本発明の製造法により製造される物質は、微生物により製造され得る物質であれば特に制限されず、例えばL−スレオニン、L−リジン、L−グルタミン酸、L−ロイシン、L−イソロイシン、L−バリン、L−フェニルアラニン等の種々のL−アミノ酸;グアニル酸、イノシン酸等の核酸類;ビタミン類;抗生物質;成長因子;生理活性物質などが挙げられる。
【0011】
本発明に用いる微生物は、上記のような目的物質の生産能を有し、かつ、呼吸鎖経路として、エネルギー効率の良い呼吸鎖経路と、エネルギー効率の悪い呼吸鎖経路を保持する微生物の親株から創製され、、以下の性質の一方又は両方を有する変異株又は遺伝子組換え株である。
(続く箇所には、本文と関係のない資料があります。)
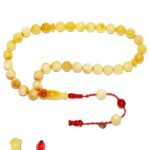 (Doğal Sakinleştirici, Astım, Guatr ve Ağrı Kesici Taşı); ; Doğal damla kehribar tesbih modelleri, ”Tesbih Atölyesi” Atölyelerinde ustalarımız tarafından kuru torna işciliği ile elde özen ile tane tane işlenmektedir. Ürünlerimiz el işlemesi olduğu için sınırlı sayıda üretilmektedir. Üzerine üç kat el cilası atılmıştır. Kehribar çam ağacının fosilleşmiş reçinesidir. Baltık ülkelerinden en kaliteli kehribar kütlelerini ithal etmekteyiz. Damla kehribar tesbih Buram buram çam kokulu ürünlerimiz %100 doğal, garantili ve sertifikalıdır. Ürünlerimiz fabrikasyon olmadığı için kehribar tanelerinin hiç biri birbirinin aynısı olmadığı için küçükte olsa farklılıklar olabilir.; ; Bu tasarımda; Sistemli küre kesim her tanesi kumpas işlemeli özel mat kraliçe bem beyaz özel kaya ukrayna damla kehribar taşı kullanılmıştır. ; ; Üretildiği Taş; Kehribar Taşı; Renk; Doğal Renk; Ağırlık; 7.8 gr; Tane Şekli; 6.8×6.8 mm; Tane Ölçüsü; Küre Kesim; Toplam Uzunluk; 20-30 cm; Püskül Maddesi; Sistemli;

(A)エネルギー効率の良い呼吸鎖経路増強されている、
(B)エネルギー効率の悪い呼吸鎖経路が欠損している。
【0012】
エシェリヒア・コリやコリネ型細菌等の微生物は、一般的に、同時に複数の呼吸鎖電子伝達経路を並列に持ち、1電子当たりのプロトン輸送比が高い経路と低い経路に分けられる。例えば、エシェリヒア・コリでは、電子供与体がNADHである場合、NADHからキノンプールへのプロトン伝達を触媒するNADH脱水素酵素として、NDHIとNDHIIがある。これらのうち、NDHIはエネルギー効率が良く、NDHIIはエネルギー効率が悪い。すなわち、電子一個当たり排出できるプロトンの分子数(プロトン輸送比(proton translocation value))は、NDHIでは2であると考えられているが、NDHIIでは0である。
本発明においては、上記のような1電子当たりのプロトン輸送比が高い経路、すなわちエネルギー効率の良い呼吸鎖経路の増強を行い、エネルギー効率の悪い呼吸鎖経路の欠損を行う。エネルギー効率の良い呼吸鎖経路の増強は、該呼吸鎖経路に関与する呼吸鎖酵素の活性を増強することにより行うことができる。また、エネルギー効率の悪い呼吸鎖経路の欠損は、該呼吸鎖経路に関与する呼吸鎖酵素の活性を低下又は消失させることにより行うことができる。
【0013】
本発明における呼吸鎖経路に関与する呼吸鎖酵素とは、呼吸鎖を構成する酵素であれば特に制限されないが、具体的には電子供与体からユビキノン、ジメチルメナキノン、メナキノン等のキノンプールへの電子伝達を触媒する脱水粗酵素、及び、キノンプールから電子受容体への電子伝達を触媒する酸化酵素が挙げられる。
【0014】
一方、キノンプールからの電子伝達により水分子を生成する反応を触媒する酸化酵素にはSoxM型(bo型)とbd型があるが、プロトン輸送比はbo型では2であるのに対し、bd型は1であり、bo型の方がエネルギー効率は高い。
【0015】
本発明においてエネルギー効率が「良い」又は「悪い」とは、絶対的なものではなく、上記のように相対的な概念である。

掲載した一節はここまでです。